EXERCISE REQUIREMENTS:
Having located the line with "1er Regimiento de", repeat it and all remaining lines of the records exactly. Pictures do not belong in the answer.

--- EXTRACTED DATA Enclosed Below ---

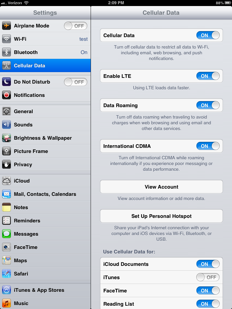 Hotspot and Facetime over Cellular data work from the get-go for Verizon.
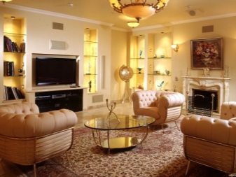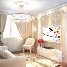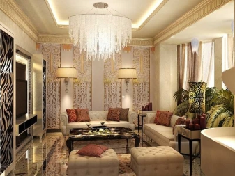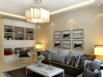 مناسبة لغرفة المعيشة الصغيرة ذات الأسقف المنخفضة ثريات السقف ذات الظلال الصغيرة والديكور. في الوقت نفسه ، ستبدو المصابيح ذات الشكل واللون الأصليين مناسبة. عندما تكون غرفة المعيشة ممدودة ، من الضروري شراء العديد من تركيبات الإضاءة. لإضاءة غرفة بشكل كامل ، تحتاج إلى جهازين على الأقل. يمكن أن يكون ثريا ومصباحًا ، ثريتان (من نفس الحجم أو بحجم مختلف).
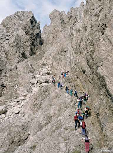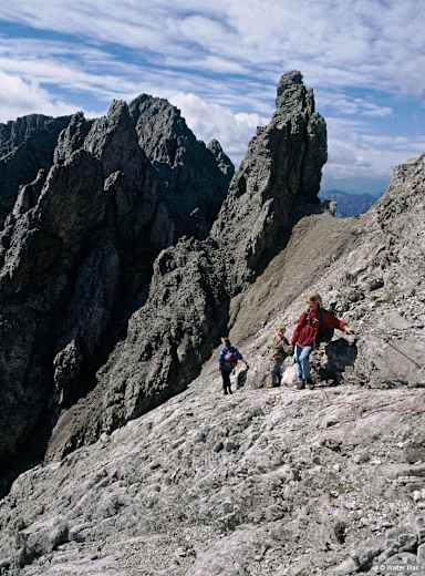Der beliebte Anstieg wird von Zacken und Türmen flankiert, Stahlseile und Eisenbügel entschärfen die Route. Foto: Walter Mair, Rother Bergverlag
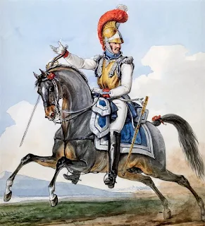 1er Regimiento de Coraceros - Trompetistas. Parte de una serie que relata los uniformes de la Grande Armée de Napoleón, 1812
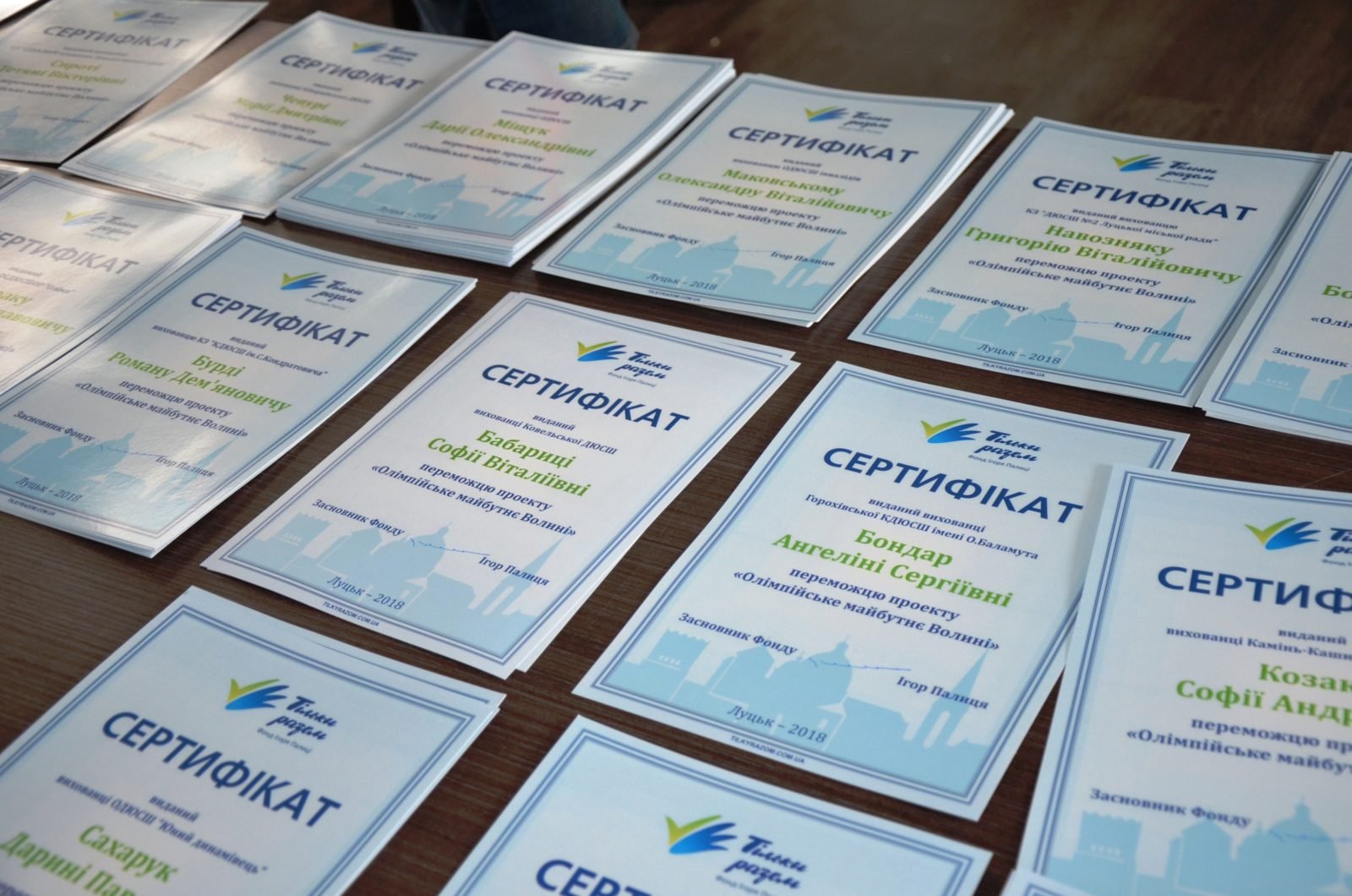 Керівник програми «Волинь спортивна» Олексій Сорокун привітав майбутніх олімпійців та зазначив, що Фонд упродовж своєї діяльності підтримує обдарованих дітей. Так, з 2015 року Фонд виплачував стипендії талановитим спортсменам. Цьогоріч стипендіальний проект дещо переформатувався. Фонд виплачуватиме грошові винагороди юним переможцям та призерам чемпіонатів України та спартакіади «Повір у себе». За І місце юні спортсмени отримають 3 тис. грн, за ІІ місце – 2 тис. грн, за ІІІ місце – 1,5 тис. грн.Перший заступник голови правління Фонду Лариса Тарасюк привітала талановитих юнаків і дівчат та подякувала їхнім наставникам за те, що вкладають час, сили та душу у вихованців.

--- End of Enclosed EXTRACTED DATA ---

OUTPUT FOR THIS EXERCISE:
 1er Regimiento de Coraceros - Trompetistas. Parte de una serie que relata los uniformes de la Grande Armée de Napoleón, 1812
 Керівник програми «Волинь спортивна» Олексій Сорокун привітав майбутніх олімпійців та зазначив, що Фонд упродовж своєї діяльності підтримує обдарованих дітей. Так, з 2015 року Фонд виплачував стипендії талановитим спортсменам. Цьогоріч стипендіальний проект дещо переформатувався. Фонд виплачуватиме грошові винагороди юним переможцям та призерам чемпіонатів України та спартакіади «Повір у себе». За І місце юні спортсмени отримають 3 тис. грн, за ІІ місце – 2 тис. грн, за ІІІ місце – 1,5 тис. грн.Перший заступник голови правління Фонду Лариса Тарасюк привітала талановитих юнаків і дівчат та подякувала їхнім наставникам за те, що вкладають час, сили та душу у вихованців.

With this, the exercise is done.